▶ [SUPPLIED DATA]

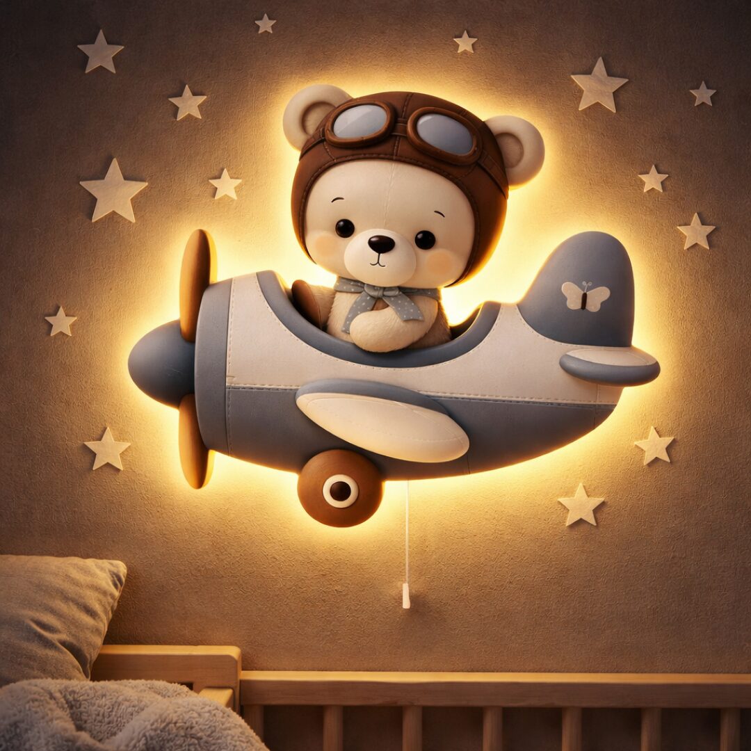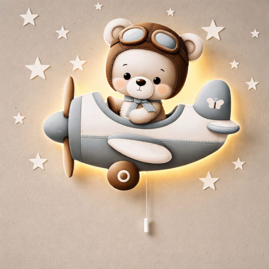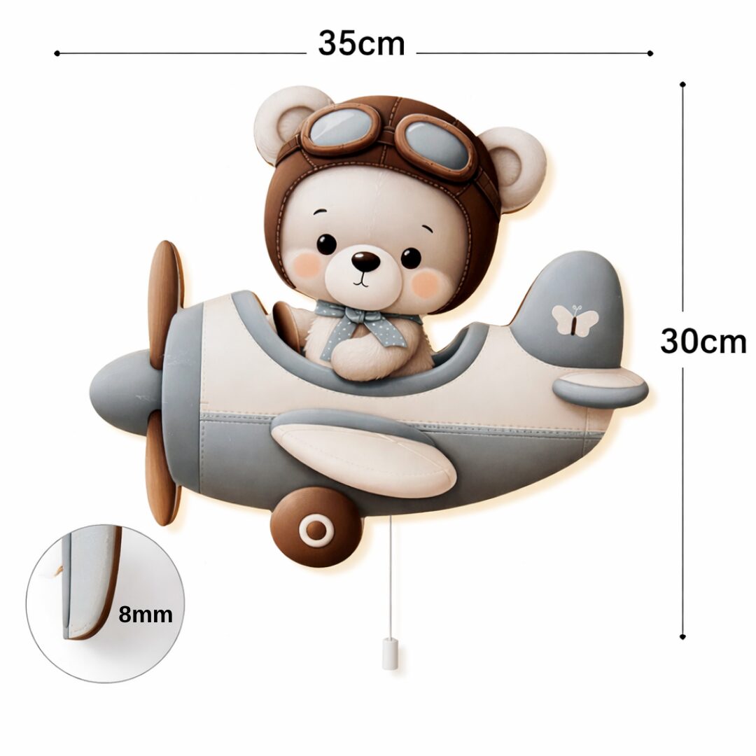Cap sur les étoiles ! La Veilleuse Murale Ours Pilote Cozy Kids met en scène un ourson crème aux joues rosées, installé aux commandes de son avion gris-bleu pastel avec hélice en bois marron et roue ronde kawaii. Son rétroéclairage LED contour chaleureux diffuse un halo doré enveloppant toute la silhouette. Design 3D relief ultra-mignon, interrupteur cordon à tirer. La veilleuse murale enfant thème avion la plus attendrissante du ciel.
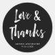 De här nya och moderna bröllopsmärken har trendig handskrivet vitt skript som säger "kärlek och tack" på en rik, svart bakgrund.
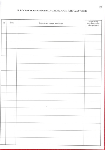 10. Roczny plan współpracy z rodzicami (uroczystości)
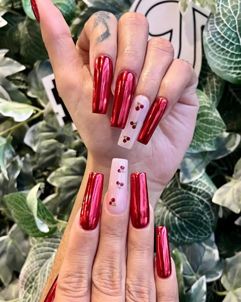 Bold coffin tips glow in a bright red mirror finish. I kept two accent nails milky and dotted them with tiny cherry decals. The mix reads fun and a little retro. It’s a simple way to break up the solid chrome.
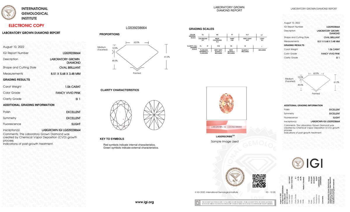 This Certified 1.06 Carat 8.51 x 5.68 x 3.48 mm Pink Oval Lab Grown Diamond has been hand selected by our GIA-certified gemologists for its exceptional characteristics and rarity.
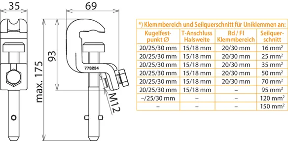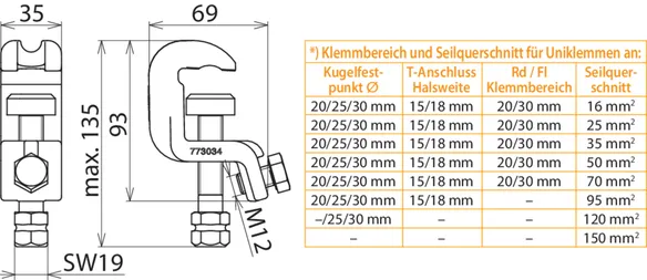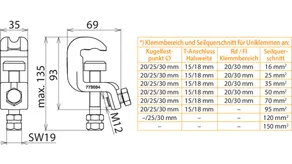 | Pour section de câble Cu | 16 ... 150 mm2 |

▶ [YOUR OBJECTIVE] What you return must match the records letter for letter, except that the pictures stay out.

▶ [OUTPUT FOR THIS EXERCISE]
Cap sur les étoiles ! La Veilleuse Murale Ours Pilote Cozy Kids met en scène un ourson crème aux joues rosées, installé aux commandes de son avion gris-bleu pastel avec hélice en bois marron et roue ronde kawaii. Son rétroéclairage LED contour chaleureux diffuse un halo doré enveloppant toute la silhouette. Design 3D relief ultra-mignon, interrupteur cordon à tirer. La veilleuse murale enfant thème avion la plus attendrissante du ciel.
 De här nya och moderna bröllopsmärken har trendig handskrivet vitt skript som säger "kärlek och tack" på en rik, svart bakgrund.
 10. Roczny plan współpracy z rodzicami (uroczystości)
 Bold coffin tips glow in a bright red mirror finish. I kept two accent nails milky and dotted them with tiny cherry decals. The mix reads fun and a little retro. It’s a simple way to break up the solid chrome.
 This Certified 1.06 Carat 8.51 x 5.68 x 3.48 mm Pink Oval Lab Grown Diamond has been hand selected by our GIA-certified gemologists for its exceptional characteristics and rarity.
 | Pour section de câble Cu | 16 ... 150 mm2 |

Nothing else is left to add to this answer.